Al-Hassan Adam, international coordinator at End Water Poverty — a coalition of civil society organizations that campaigns for sustainable WASH — called on sector professionals to keep putting pressure on countries to improve access to water and hygiene facilities.
“Keep reminding them that they need to do something now and post-COVID. ... History has told us that we seize the opportunity when there’s a crisis and governments will sit up and do what they’re expected to do,” Adam said.
“In the short-term, governments and donors should be doubling their investments in WASH as part of their COVID-responses. … It’s about donors and governments fulfilling their existing commitments to WASH, which they haven’t been doing,” Jones said.
Prior to the pandemic, financing for WASH was already lacking — less than 15% of countries had the financing needed to implement their national WASH plans, according to the United Nations’ GLAAS report.
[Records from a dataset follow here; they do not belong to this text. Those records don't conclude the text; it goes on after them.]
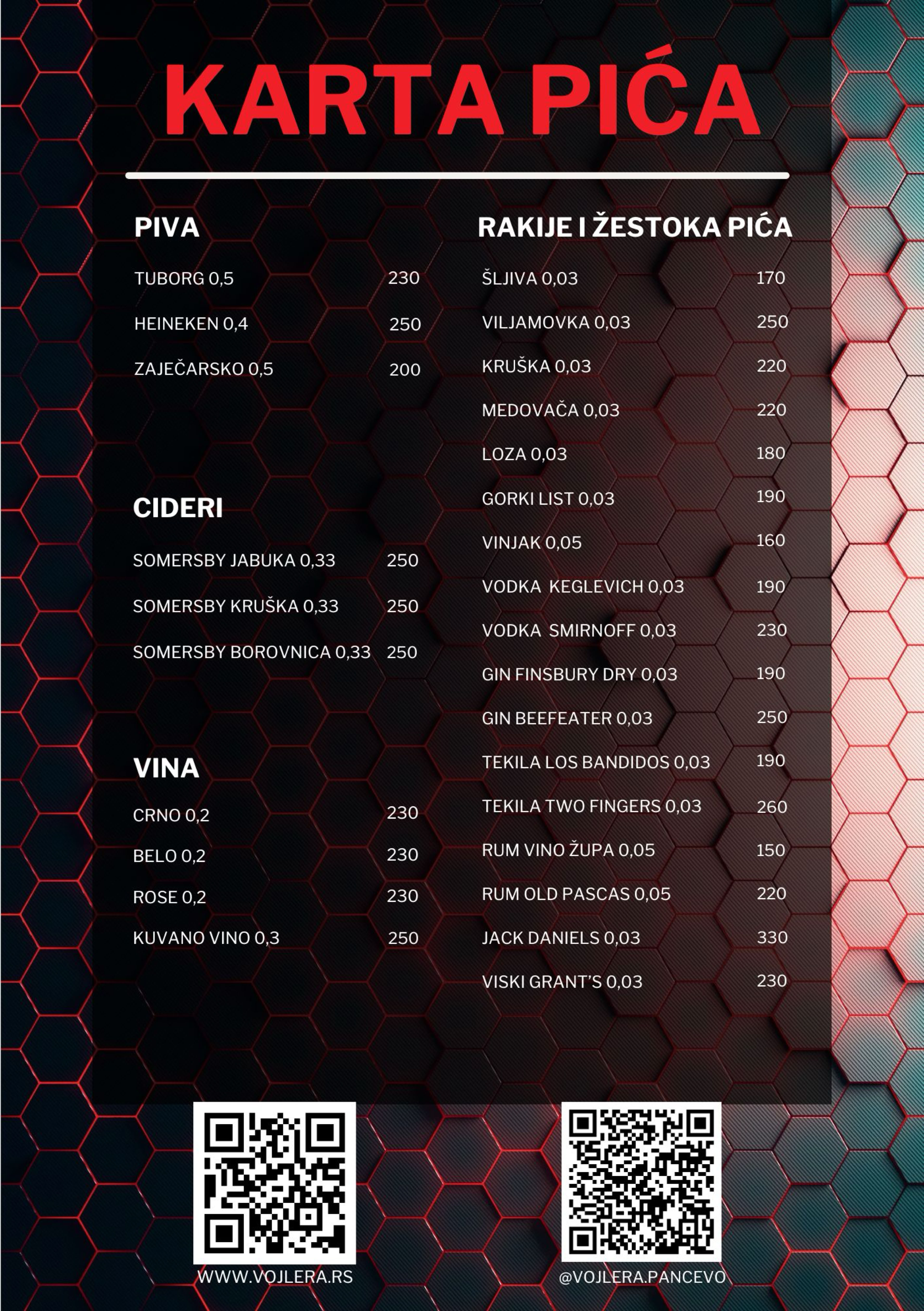 Cenovnik kafe-bara
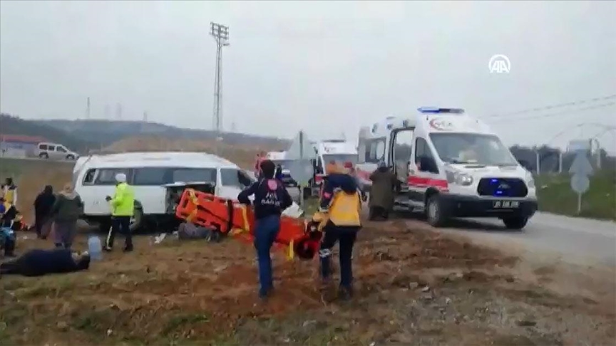 Amasya'da işçileri taşıyan minibüs devrildi: 17 kişi yaralandı
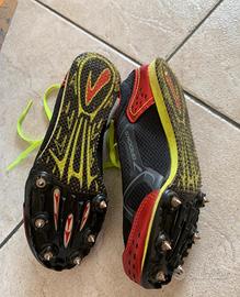 Scarpe chiodate atletica leggera, scatola originale, chiodi da 9 mm (nella confezione) e chiodi da pista (montati).Due chiavi per montare chiodi.

It notes a recent uptick in donor funding for WASH, which accounted for 4.5% of overall official development assistance in 2017 — but that follows several years of decline. Now, there are fears that the pandemic will lead to a concentration of ODA on health interventions, at the expense of other sectors.
The Gavi replenishment on June 4 marks another opportunity to emphasize that hygiene should go hand in hand with vaccines, Jones said. “When there’s a COVID-19 vaccine, it should be rolled out in an integrated way, so it should be the vaccine plus very strong hygiene promotion with the facilities for people to be able to wash their hands,” he said.